Spread the Word
One of the biggest ways you can help us is to tell your friends, family, neighbors and colleagues about our work.
You can post an update to your Facebook or Twitter account that says: “I just adopted Kim the tuberculosis detecting HeroRAT. Check out www.herorat.org to find out how Kim and her colleagues are saving lives.”
You can post a note to your Facebook page or write about HeroRATs in your blog, explaining why you have chosen to support our work. Hearing your personal reasons helps other people to understand our work as well.
You can share our work with your friends by emailing them this text to check out our work:
Subject: HeroRATs save lives and limbs
There are currently 76 countries and territories around the world that are affected by landmines and/or explosive remnants of war. In many countries, mines block people’s access to roads, schools, health care, water supplies, jobs, and opportunities to get ahead. Landmines injure and kill innocent people every day, and sadly many of them are children.

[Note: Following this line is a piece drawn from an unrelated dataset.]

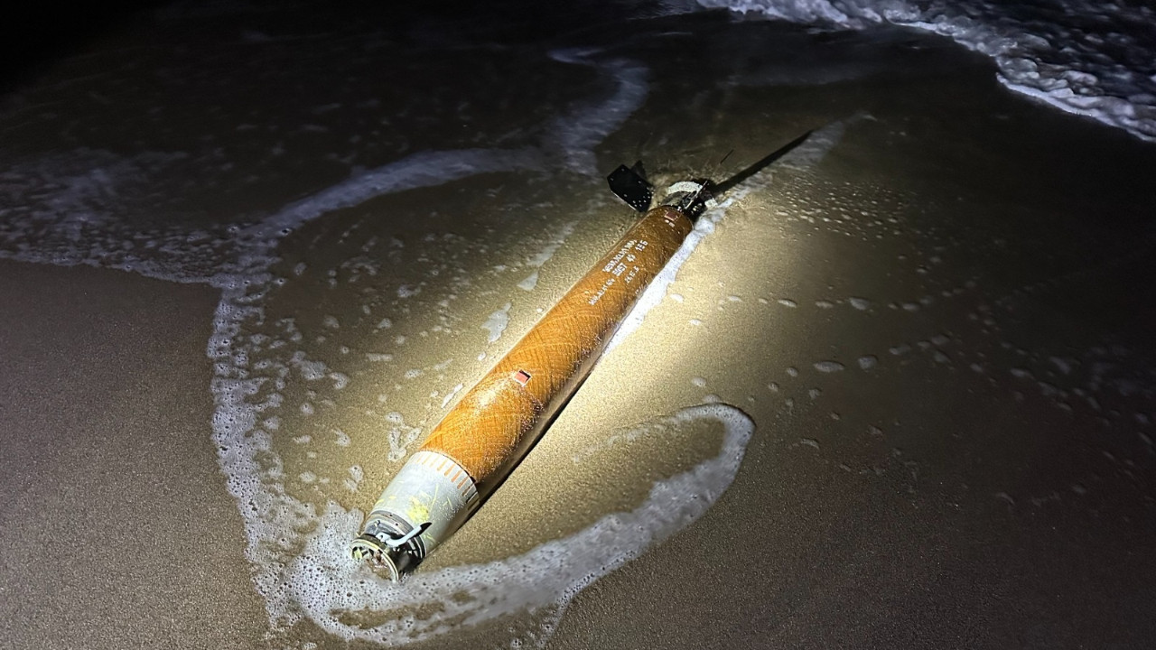 Sakarya'nın Karasu ilçesi sahilinde uçaksavar füzesi roket taşıma motoru bulundu.

Tuberculosis (TB) is the leading killer of youth and adults in the world, and every second someone new contracts TB. These are daunting numbers, but a local, cheap, and efficient solution exists: HeroRATs!
One HeroRAT can clear 100 square meters of a landmine field in 20 minutes; that same area would take two days work for a manual deminer. In Mozambique, HeroRATs and their human colleagues have returned 1,312,027 square meters of land back to the community and over 44,547 people have benefited from our mine clearance activities.

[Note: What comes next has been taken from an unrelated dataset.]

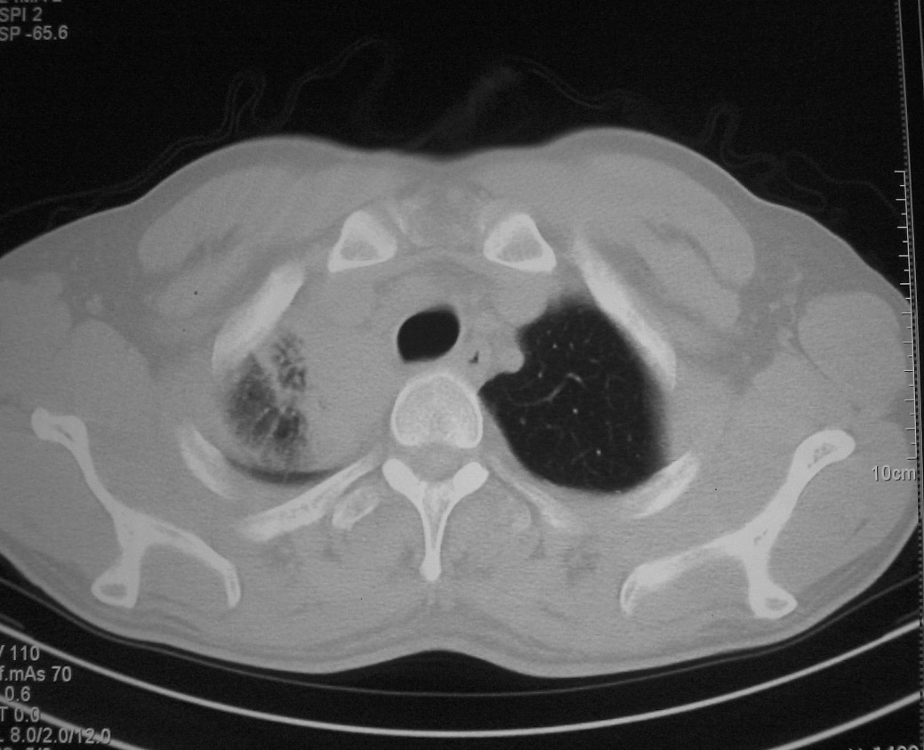 右上叶支气管肺癌并右上叶阻塞性不张,右侧少量胸腔积液.

A HeroRAT can screen 40 samples for tuberculosis in seven minutes, equal to what a skilled lab technician can do in a day. In 2009, the HeroRATs found 561 people with active TB missed in the hospitals. If left untreated, the average person with active TB can spread the disease to 10 – 15 people each year. This means that through their work, the HeroRATs prevented 7,590 people from contracting TB in 2009 alone!